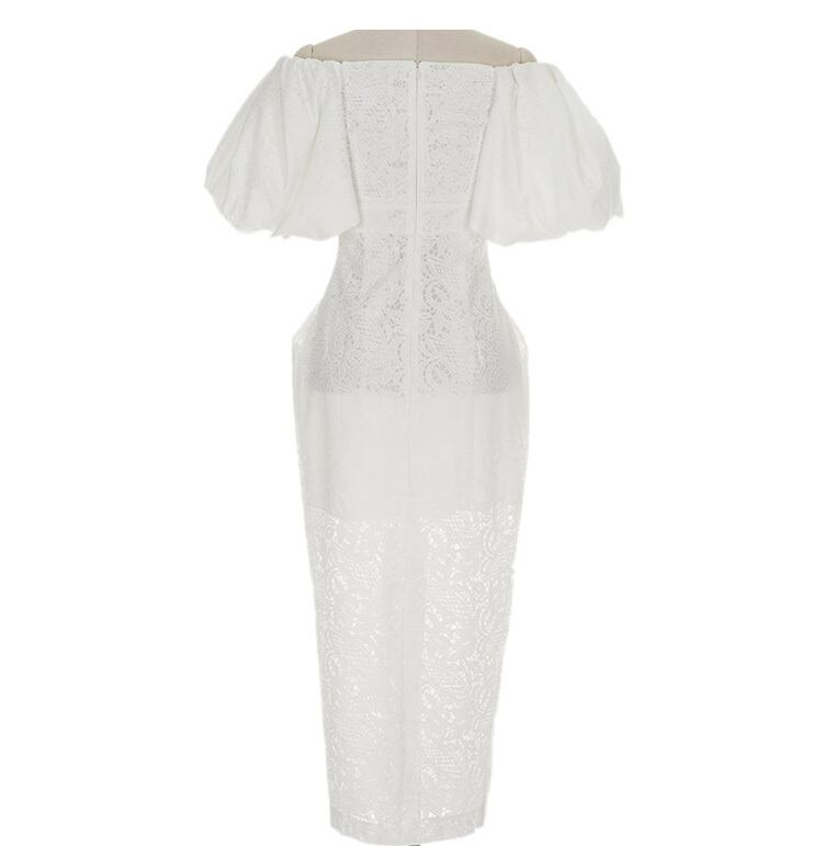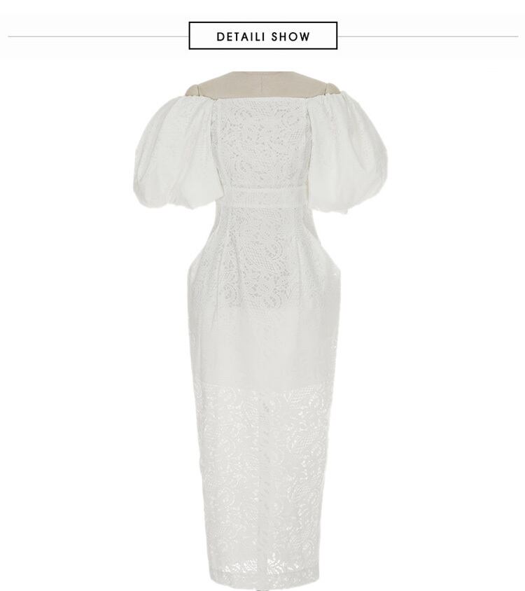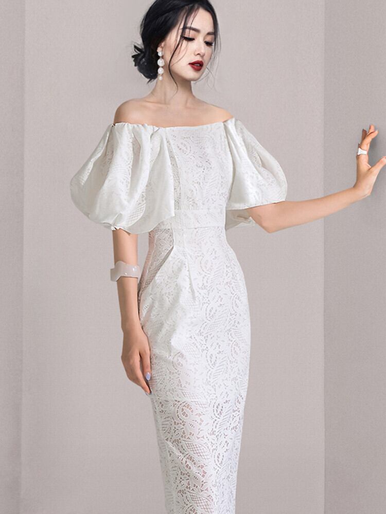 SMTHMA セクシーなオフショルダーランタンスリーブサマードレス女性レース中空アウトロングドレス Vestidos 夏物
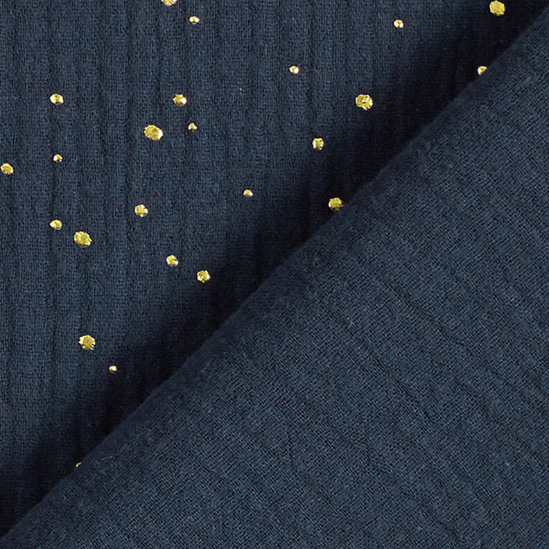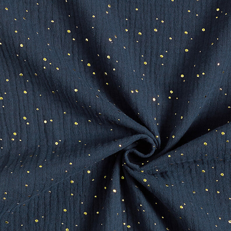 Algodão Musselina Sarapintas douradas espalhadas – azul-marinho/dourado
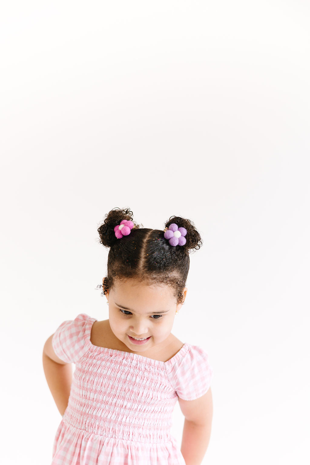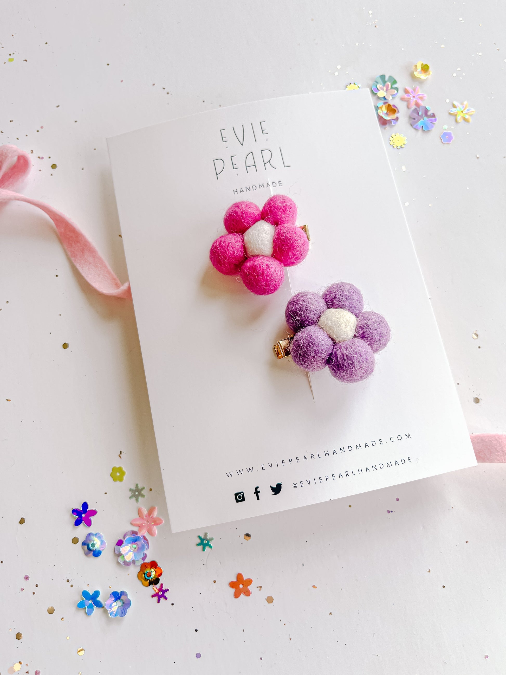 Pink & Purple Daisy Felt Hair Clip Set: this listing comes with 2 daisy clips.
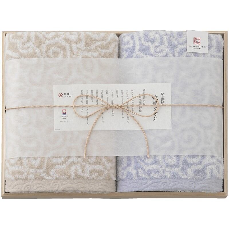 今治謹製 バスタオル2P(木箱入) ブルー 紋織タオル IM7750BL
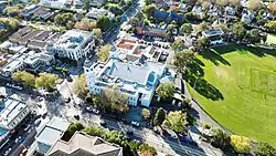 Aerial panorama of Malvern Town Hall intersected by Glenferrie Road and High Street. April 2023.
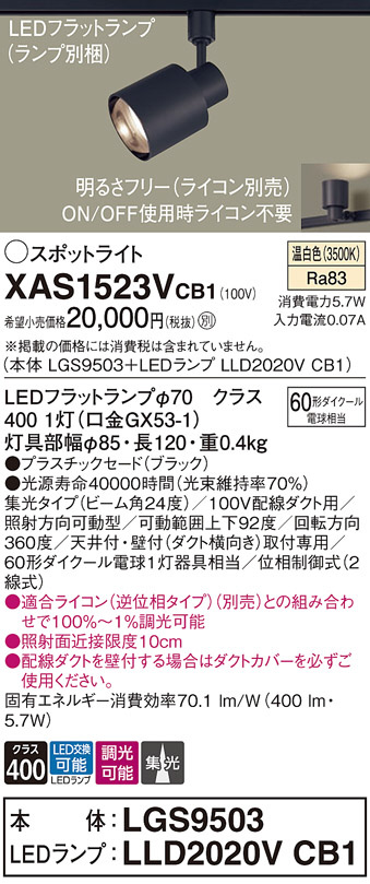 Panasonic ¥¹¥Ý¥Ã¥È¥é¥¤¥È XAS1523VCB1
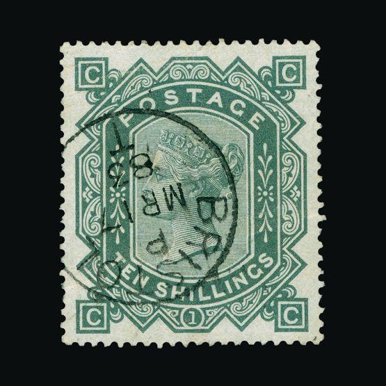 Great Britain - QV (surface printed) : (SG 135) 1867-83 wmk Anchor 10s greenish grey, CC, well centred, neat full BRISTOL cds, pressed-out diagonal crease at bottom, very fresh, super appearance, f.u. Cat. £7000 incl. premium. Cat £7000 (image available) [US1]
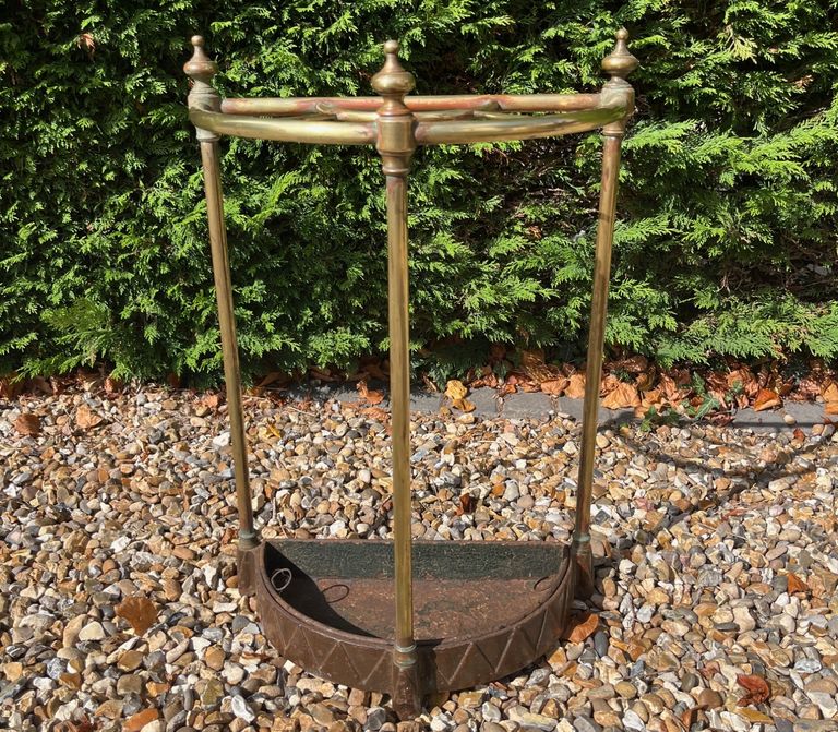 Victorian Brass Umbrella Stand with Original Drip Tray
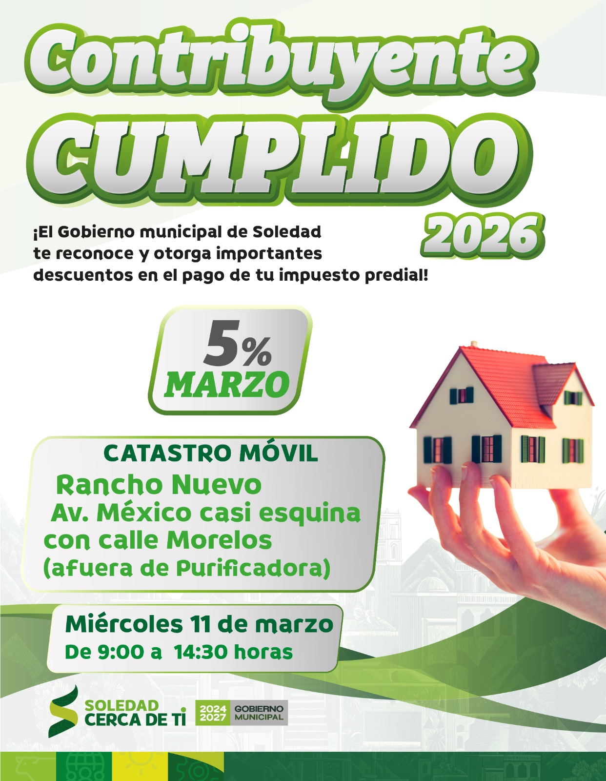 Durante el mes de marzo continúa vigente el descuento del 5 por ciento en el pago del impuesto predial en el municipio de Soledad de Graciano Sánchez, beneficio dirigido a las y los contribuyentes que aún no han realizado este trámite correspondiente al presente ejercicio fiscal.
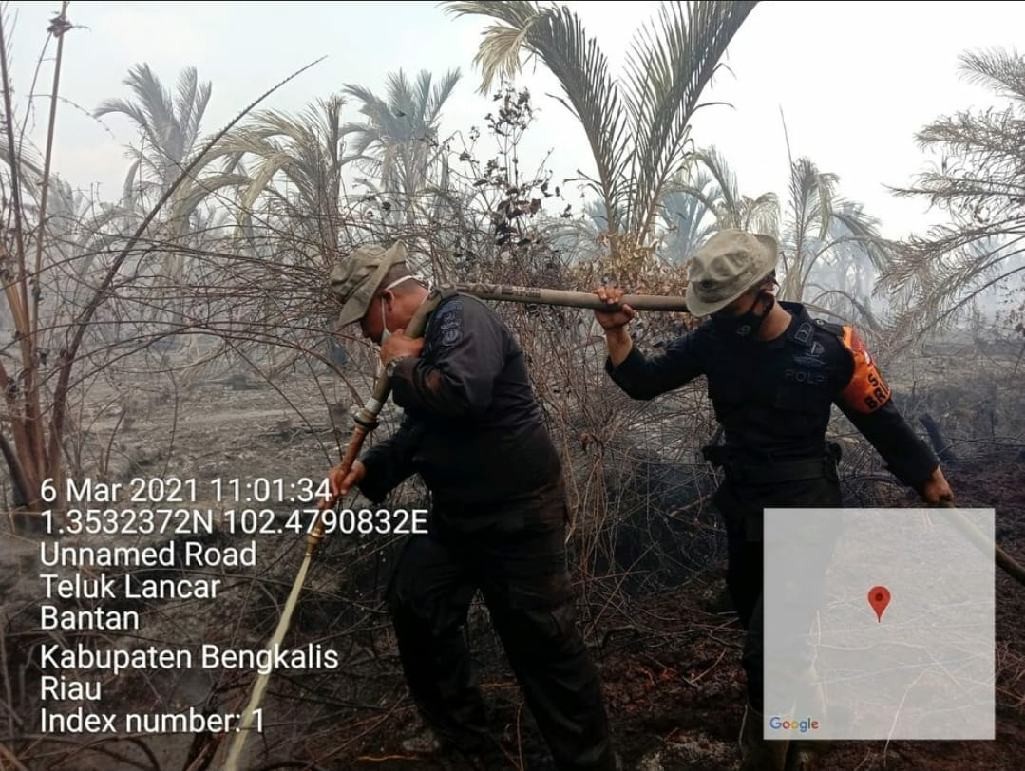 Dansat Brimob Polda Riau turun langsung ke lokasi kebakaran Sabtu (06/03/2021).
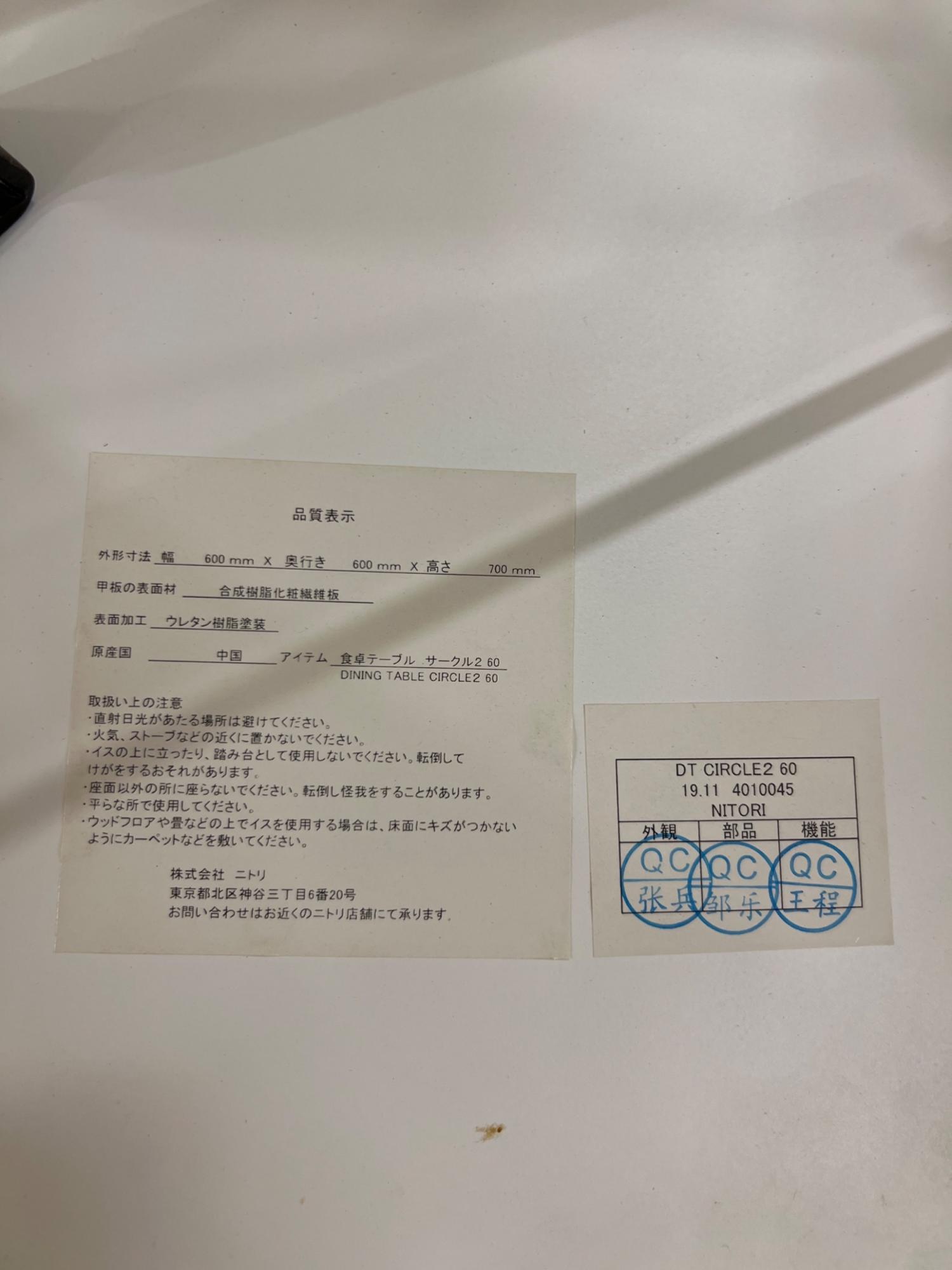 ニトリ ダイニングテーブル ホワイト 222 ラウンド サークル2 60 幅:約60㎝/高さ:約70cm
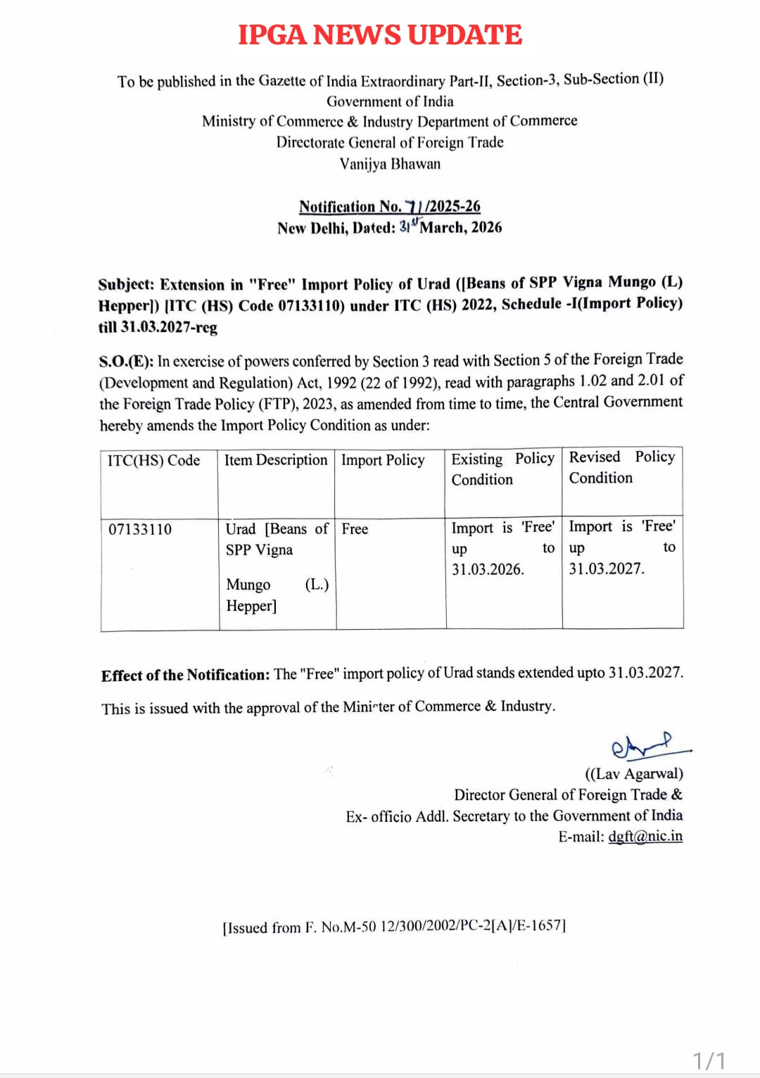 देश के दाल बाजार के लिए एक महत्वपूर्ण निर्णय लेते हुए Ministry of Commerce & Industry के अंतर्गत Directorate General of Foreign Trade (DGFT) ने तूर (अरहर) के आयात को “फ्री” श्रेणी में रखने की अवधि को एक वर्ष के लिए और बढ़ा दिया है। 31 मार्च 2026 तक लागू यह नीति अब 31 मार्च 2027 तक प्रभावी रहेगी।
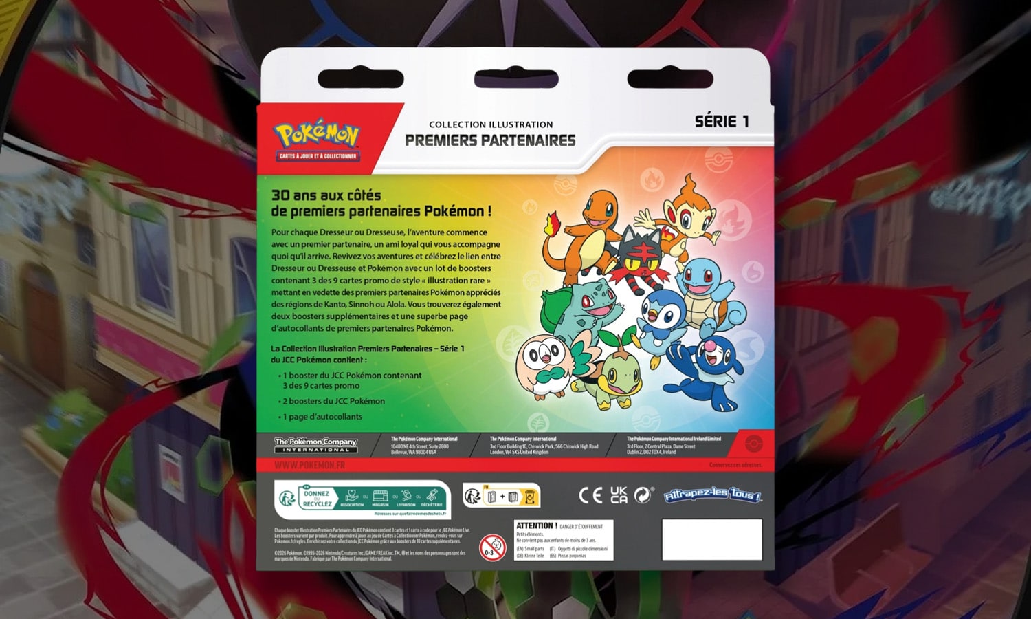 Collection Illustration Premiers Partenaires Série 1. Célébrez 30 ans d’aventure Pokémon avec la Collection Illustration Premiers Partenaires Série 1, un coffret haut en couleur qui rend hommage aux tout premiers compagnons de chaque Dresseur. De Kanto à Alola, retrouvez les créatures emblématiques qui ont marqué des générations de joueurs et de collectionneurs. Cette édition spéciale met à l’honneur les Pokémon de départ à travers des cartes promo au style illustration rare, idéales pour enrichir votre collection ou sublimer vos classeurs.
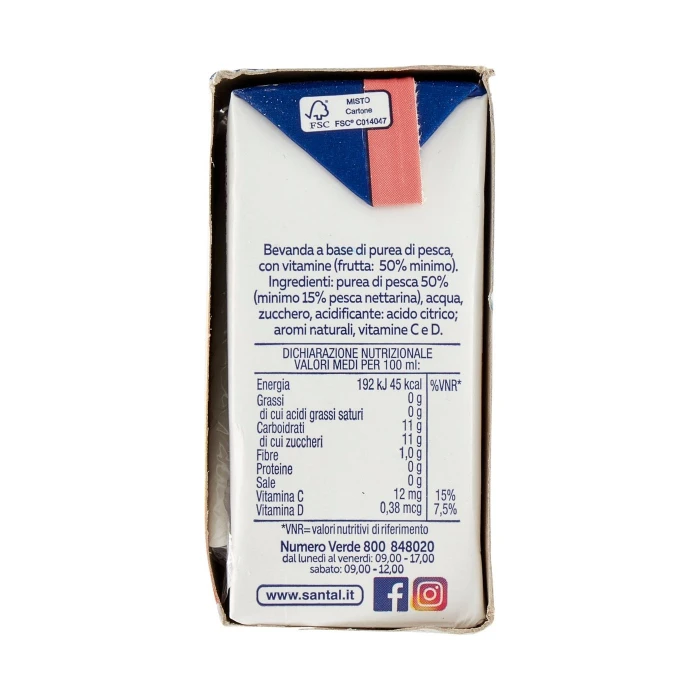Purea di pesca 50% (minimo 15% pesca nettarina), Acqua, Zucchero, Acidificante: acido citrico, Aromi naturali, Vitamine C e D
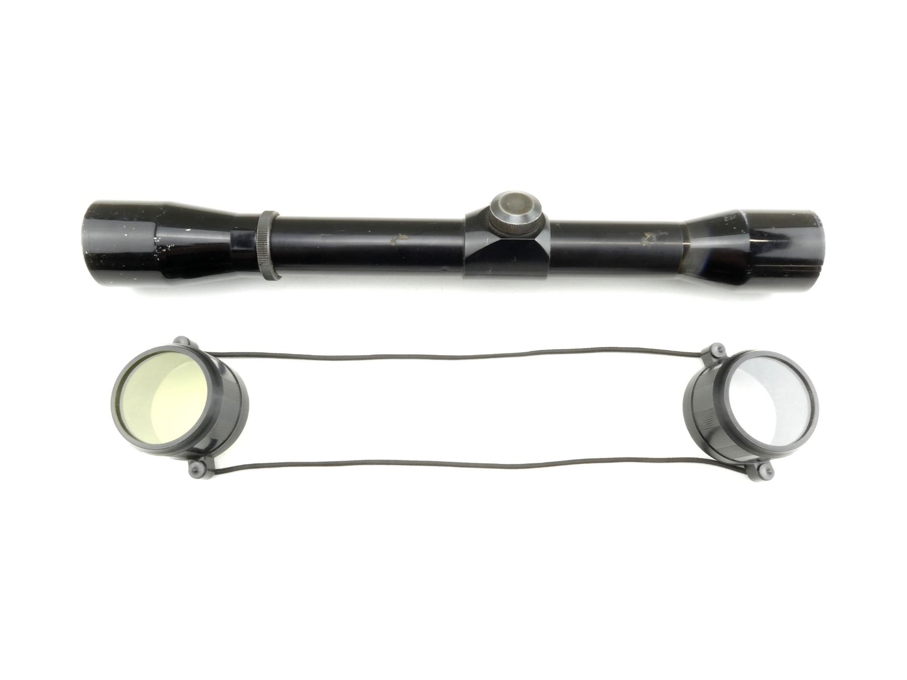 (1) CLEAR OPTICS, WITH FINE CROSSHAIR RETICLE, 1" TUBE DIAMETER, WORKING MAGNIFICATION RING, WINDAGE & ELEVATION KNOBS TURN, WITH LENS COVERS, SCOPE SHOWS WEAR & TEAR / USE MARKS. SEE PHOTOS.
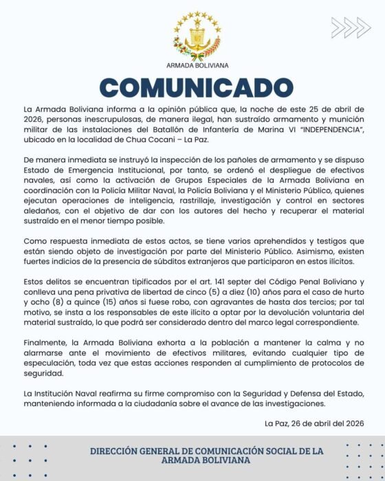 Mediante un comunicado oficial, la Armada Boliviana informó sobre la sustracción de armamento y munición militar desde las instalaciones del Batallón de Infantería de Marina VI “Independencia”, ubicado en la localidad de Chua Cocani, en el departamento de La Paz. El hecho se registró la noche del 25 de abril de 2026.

*-*-*

*TASK INSTRUCTIONS:* Whatever pictures the records hold, omit them; give again exactly the lines from the one containing "Algodão Musselina Sarapintas" through the one containing "Panasonic ¥¹¥Ý¥Ã¥È¥é¥¤¥È XAS1523VCB1".

*TASK OUTPUT:*
 Algodão Musselina Sarapintas douradas espalhadas – azul-marinho/dourado
 Pink & Purple Daisy Felt Hair Clip Set: this listing comes with 2 daisy clips.
 今治謹製 バスタオル2P(木箱入) ブルー 紋織タオル IM7750BL
 Aerial panorama of Malvern Town Hall intersected by Glenferrie Road and High Street. April 2023.
 Panasonic ¥¹¥Ý¥Ã¥È¥é¥¤¥È XAS1523VCB1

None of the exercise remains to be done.